◆ **Exercise objective**:
Excluding pictures, reproduce word for word the lines from the one containing "Adding the building" through the end of the material below.

◆ **Entries supplied**:

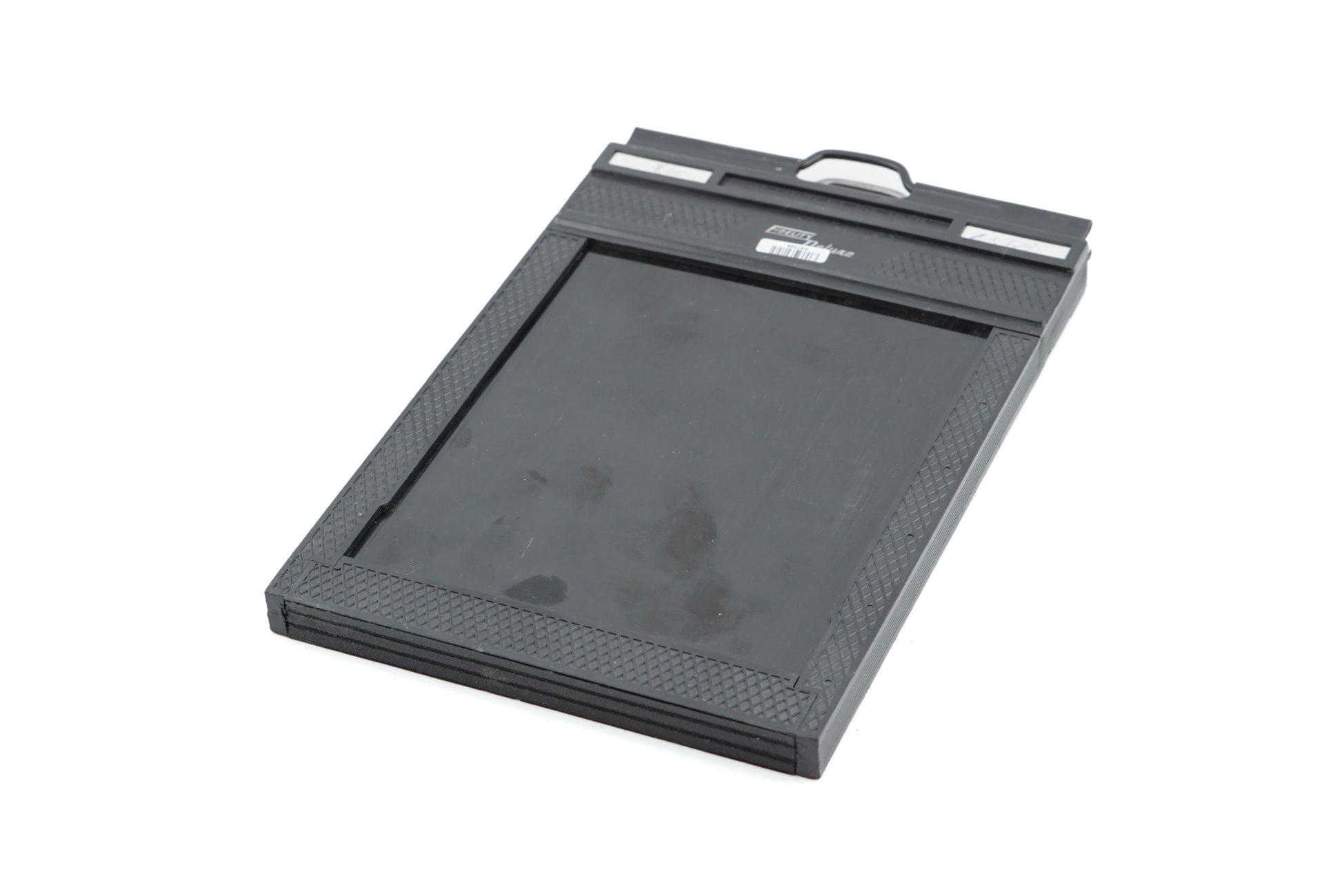 4x5" sheet film holder. Each holder can hold two sheets of film, one on each side. Made in the USA. Black plastic construction.
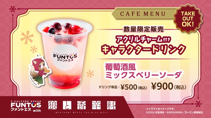 期間中(4月23日~5月15日)、アクリルチャーム付きドリンク900円(税込)、ドリンク単品500円(税込)にて提供いたします。
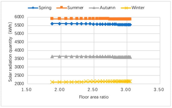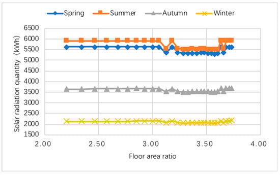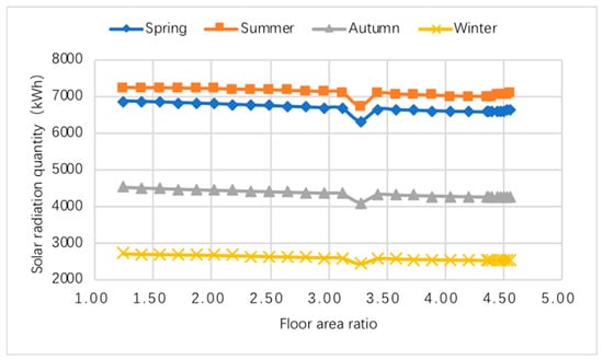 Adding the building roof and south facade solar radiation quantity of spring, summer, autumn and winter together with each different floor area ratios, the quantitative relationship between the radiation quantity and each season is compared. The result is shown in Figure 4. The four seasonal changing trends and the floating range are roughly the same, both of which are high stable, low stable and back to high stable. The floating range in spring and summer is more obvious, while in autumn and winter is weaker.
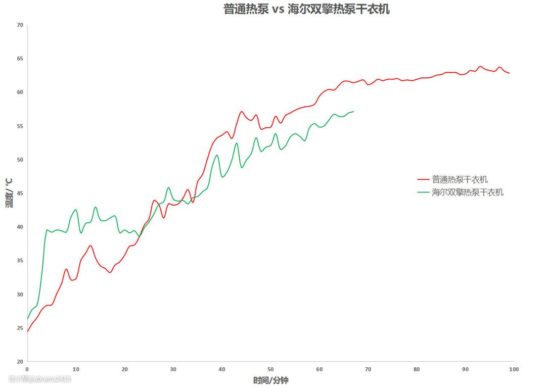 ▲我们来看看原始数据经数据处理后的内筒温升曲线,红线为普通热泵,绿线为海尔双擎:
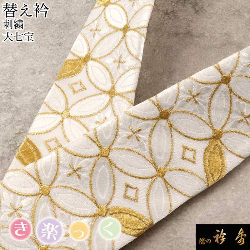 衿秀 公式 き楽っく 替え衿 替衿 かええり 刺繍 大七宝 金糸 留袖 訪問着 振袖 きらっく 洗える 日本製 和装小物 えりひで 襟の衿秀 すなお きものすなお

◆ **Solution to this exercise**:
 Adding the building roof and south facade solar radiation quantity of spring, summer, autumn and winter together with each different floor area ratios, the quantitative relationship between the radiation quantity and each season is compared. The result is shown in Figure 4. The four seasonal changing trends and the floating range are roughly the same, both of which are high stable, low stable and back to high stable. The floating range in spring and summer is more obvious, while in autumn and winter is weaker.
 ▲我们来看看原始数据经数据处理后的内筒温升曲线,红线为普通热泵,绿线为海尔双擎:
 衿秀 公式 き楽っく 替え衿 替衿 かええり 刺繍 大七宝 金糸 留袖 訪問着 振袖 きらっく 洗える 日本製 和装小物 えりひで 襟の衿秀 すなお きものすなお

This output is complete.